Марья Димитриевна была женщина нелегкая: она быстро обижалась, от хлопот и дрязг у нее делались частые мигрени, она прижимала пальцы к вискам в жесте отчаяния и безнадежности. Она постоянно раздражалась; говорила, что «поганое общество не ценит ее», называла себя «мученицей», и Достоевский ей поддакивал и немедленно с ней соглашался. Мужа она не любила или разлюбила, во всяком случае остатки чувств, которые у нее к нему оставались, были разрушены его нелепым поведением и пьянством, вызывавшим в ней горечь и отвращение. Все надежды свои она перенесла на сына Пашу, из которого, по ее мнению, должен был выйти замечательный человек. Но покамест семилетний мальчик никаких выдающихся качеств не обнаруживал. Хотя Марья Димитриевна могла сколько угодно говорить, что жизнь ее кончена, но ей еще не было и тридцати лет, и конечно, она хотела и жизни, и любви, и счастья, и удачи. То, что Достоевский воспылал к ней настоящей, глубокой страстью, она отлично понимала – женщины это обычно легко распознают – и его «ухаживания», как она их называла, она принимала охотно, не придавая им, однако, слишком большого значения: ведь исходили они от человека, лишенного прав, ссыльного, у которого, опять-таки по ее выражению, «не было будущности» – а были многочисленные и порою пугающие странности. Но на него можно было положиться, и она не могла пренебречь даже и такой опорой.

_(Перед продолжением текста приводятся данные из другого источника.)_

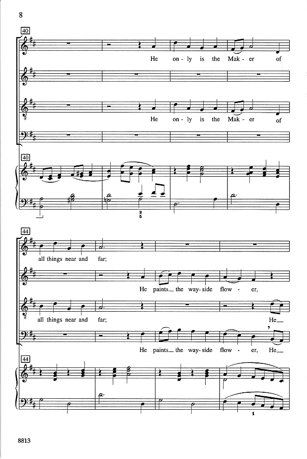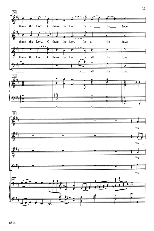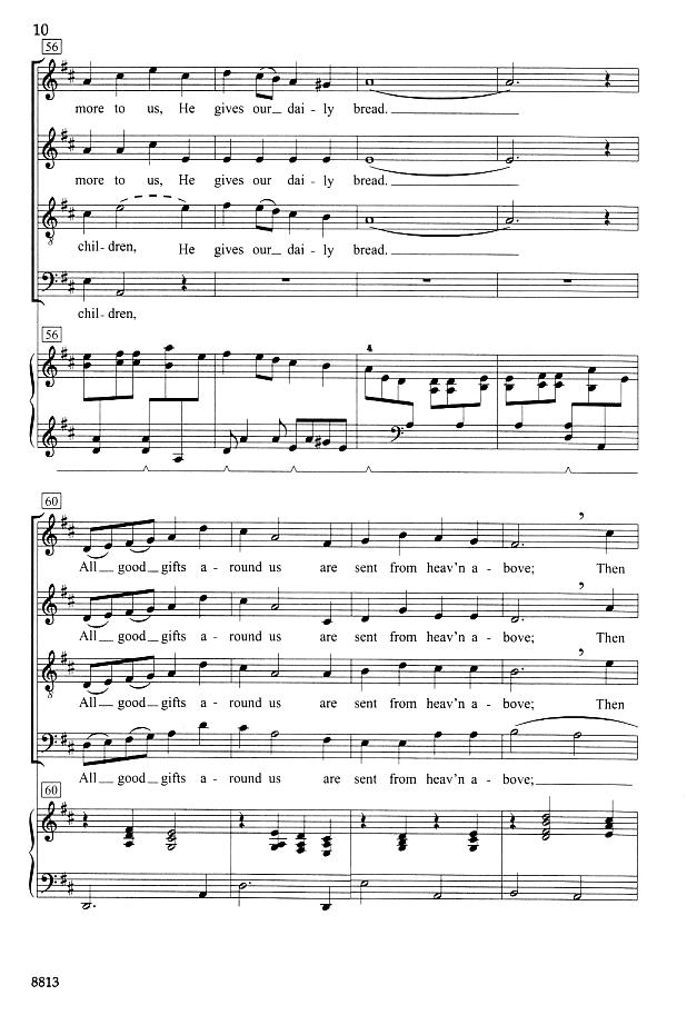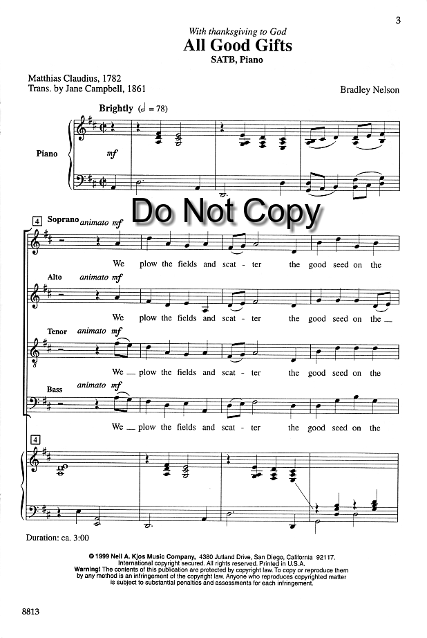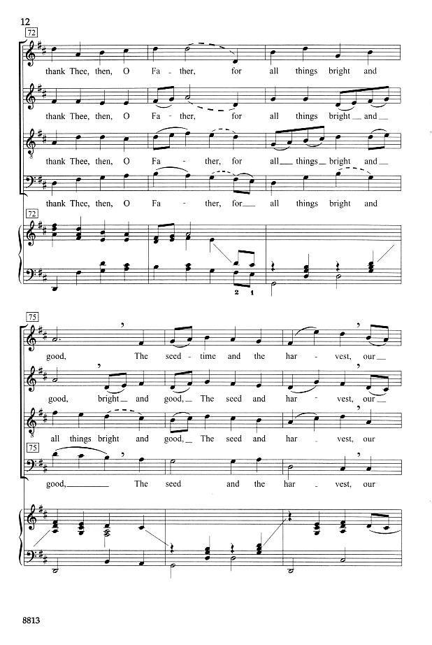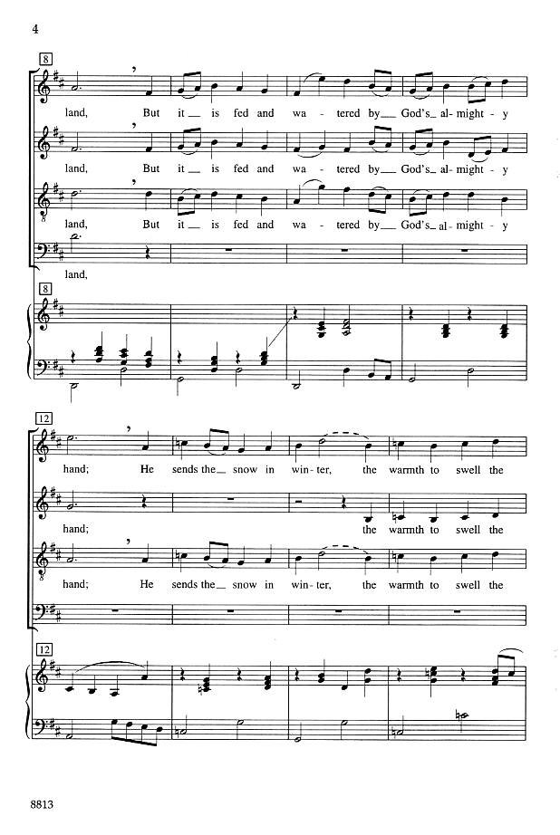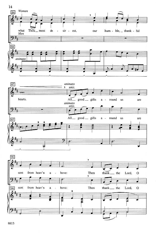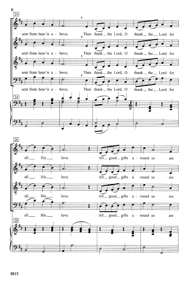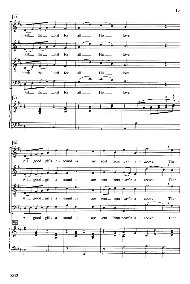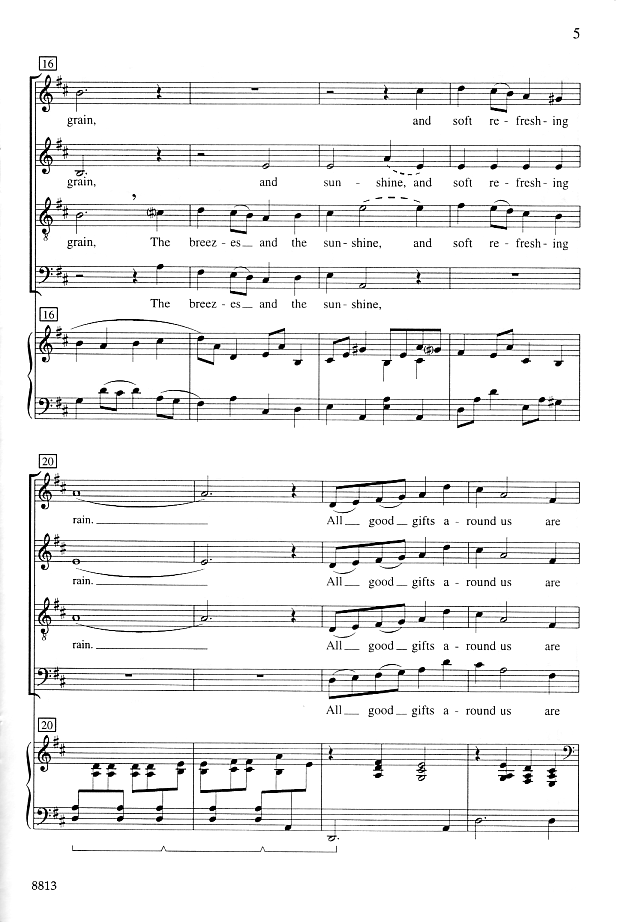 Do you find there's a shortage of good selections for Thanksgiving? Singers and congregations will recognize this text from the hymn "We Plow The Fields and Scatter". Set to new music with a buoyant Thanksgiving spirit, this traditional text receives new life in a setting well-suited to both small ensembles and larger choirs.

После того, как рассеялся пьяный туман первой влюбленности, Достоевский довольно хорошо разобрался в тех особенных обстоятельствах, при которых зародилось его чувство к Марье Димитриевне: «одно то, что женщина протянула мне руку, уже было целой эпохой в моей жизни», правдиво писал он впоследствии. Он еще яснее увидал все трудности своих отношений к замужней женщине, матери и жене, когда он получил возможность обсуждать их в бесконечных беседах со своим новым другом Врангелем.

Глава восьмая

Появление Врангеля в Семипалатинске зимою 1854 года показалось Достоевскому подарком судьбы. Несмотря на очень холодный и неприступный вид, который весьма помогал ему в административной карьере, молодой прокурор, посвящавший немало времени своим пышным рыжеватым бакенбардам, был очень добрый и отзывчивый человек, да еще к тому же и с романтическим воображением. Через год после знакомства, перешедшего в тесную дружбу, быть может, единственную в жизни Достоевского (он был с ним в разговорах и письмах более откровенен, чем с кем бы то ни было – и это на протяжении многих лет), Федор Михайлович так характеризовал его в письме к брату: «Это человек очень молодой, очень кроткий, хотя с сильно развитым point d’honneur, до невероятности добрый, немножко гордый (но это снаружи, я это люблю), немножко с юношескими недостатками, образован, но не блистательно и не глубоко, любит учиться, характер очень слабый, женски впечатлительный, ипохондрический и довольно мнительный, что другого злит и бесит, то его огорчает, признак превосходного сердца».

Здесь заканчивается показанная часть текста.